■ EXERCISE INPUTS:
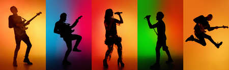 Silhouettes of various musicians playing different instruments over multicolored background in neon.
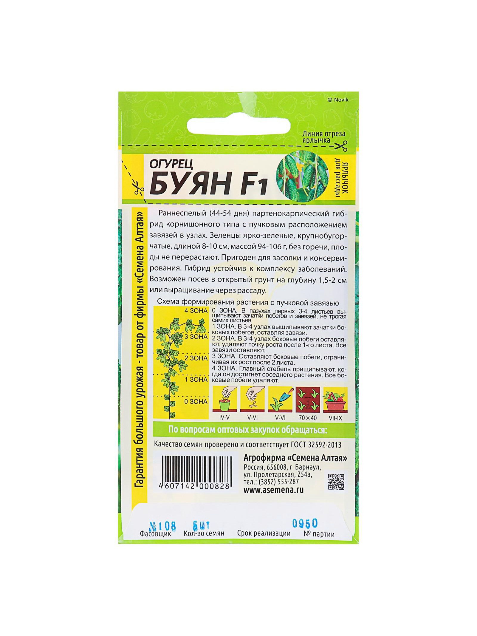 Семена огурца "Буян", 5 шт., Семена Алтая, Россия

...

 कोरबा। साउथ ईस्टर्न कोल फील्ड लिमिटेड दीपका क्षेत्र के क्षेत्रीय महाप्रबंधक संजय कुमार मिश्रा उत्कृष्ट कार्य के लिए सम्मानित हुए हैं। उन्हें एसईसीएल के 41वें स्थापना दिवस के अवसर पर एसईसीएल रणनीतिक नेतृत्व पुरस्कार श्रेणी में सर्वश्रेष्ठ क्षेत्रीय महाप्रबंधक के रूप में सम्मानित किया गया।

---

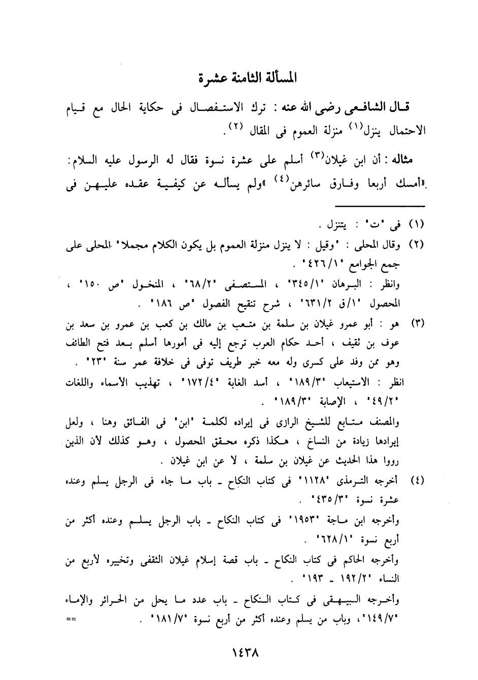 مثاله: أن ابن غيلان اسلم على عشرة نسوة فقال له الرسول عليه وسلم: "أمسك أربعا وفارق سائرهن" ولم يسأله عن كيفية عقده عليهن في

■ WORK INSTRUCTIONS: In the entries above, every line from the line with "Silhouettes of various" to the line with "Семена Алтая, Россия" is to be printed exactly, with both ends included and pictures excluded.

■ ANSWER BOX:
 Silhouettes of various musicians playing different instruments over multicolored background in neon.
 Семена огурца "Буян", 5 шт., Семена Алтая, Россия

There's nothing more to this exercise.